The plan to resolve Laiki Bank should allow the Bank of Cyprus, the country’s largest lender, to survive. But the Bank of Cyprus will take on some of Laiki’s liabilities in the form of emergency liquidity, which has been drip-fed to Laiki by the European Central Bank.
Depositors in the Bank of Cyprus are likely to face forced losses rather than any form of tax. That plan, which set off outrage last week in Cyprus and as far away as Moscow, has now been dropped entirely, according to European Union officials who briefed reporters on the deal.
It was not clear last night whether the plan will need the approval of Cyprus’s Parliament, which rejected a previous deal to bail out the banks.
The terms came together after a day of brinksmanship and strife.
Pressed in Brussels to accept additional burdens on nation’s banks, Mr. Anastasiades told officials including Christine Lagarde, head of the monetary fund, that accepting harsh terms might force him to step down. A message posted to his Facebook page suggested a stormy meeting.
Wolfgang Schäuble, the German finance minister, called for a rapid resolution. “But that, of course, depends on the people in Cyprus having a somewhat realistic view of the situation,” he said.
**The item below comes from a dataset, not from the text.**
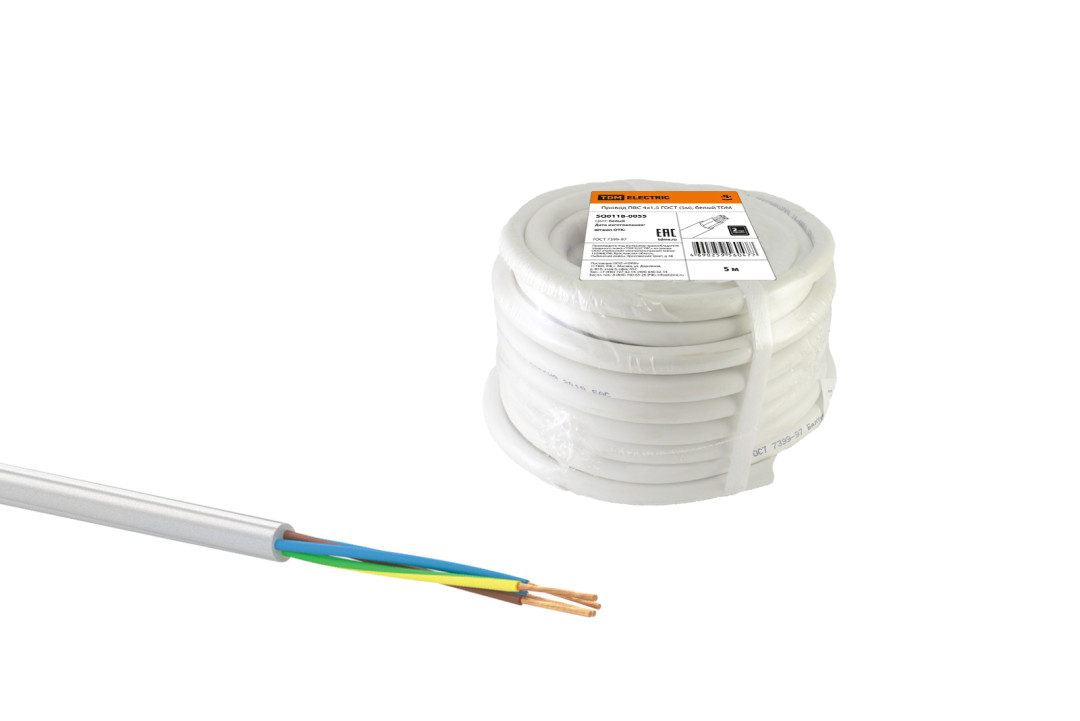 Провод ПВС 4х1,5 ГОСТ (5м), белый TDM

Lenders are demanding that Cyprus raise 5.8 billion euros before it can get the bailout.
As the negotiations lasted into the night, people cursed being in the dark about their fate.
“They have confused us so much over the past week, we don’t have any idea what is going on,” said Rami Suleiman, a successful Cyprus businessman who owns six shops, two hotels and a restaurant.
Back in his office after a trip to a cash machine that resulted in only 100 euros and not the 260 he sought, Mr. Suleiman settled at his desk, piled with receipts from his previous trips to get cash, and began combing TV channels to find out what had happened at an emergency meeting in Brussels between international lenders and leaders from Cyprus.
“Nothing. Nothing. Nothing. There is no news at all,” he said, lamenting the uncertainty that has pushed him and others here into a state of quiet despair about the future of their country.
While Mr. Anastasiades, who took office less than a month ago, has faced mounting criticism from many Cypriots for his handling of the crisis, he was cheered like a soccer star before a big game by a dwindling band of die-hard fans Sunday. “Go Nikos, Go!” wrote Danae Karayianni on the Facebook page of the president’s pre-election campaign headquarters. “Don’t back down president. We are with you and fully supporting you,” wrote another supporter.
But Bill Vasilias, the owner of a kebab restaurant in Nicosia’s old town, fumed that Cyprus’s leaders had again gone cap in hand to Brussels less than a week after the Cypriot Parliament emphatically rejected a bailout deal sealed during overnight talks on March 16. He said he expected another long night in Brussels that would bring only more trouble for Cyprus, no matter what is or is not decided.
“In one night, Cyprus will be finished,” he said, complaining that his business had suffered badly. “Nobody has money. We have lost everything.”
The culprits, he added, echoing a view widely shared across the country, were Germany and its chancellor, Angela Merkel. “There are 27 countries in the European Union: 26 lose and only one wins.”
Mr. Suleiman, the hotel and restaurant owner, said his own businesses had not taken a hit yet, but he was finding it harder and harder to keep his operations running. He wishes Cyprus would just dump the euro and go back to its old currency, the pound, as that would at least allow it to make its own decisions and stop having to haggle in Brussels with 26 other countries before decisions are taken.
“We can’t take it anymore. Just give us an answer: Are we in or are we out? We have to know what is happening.”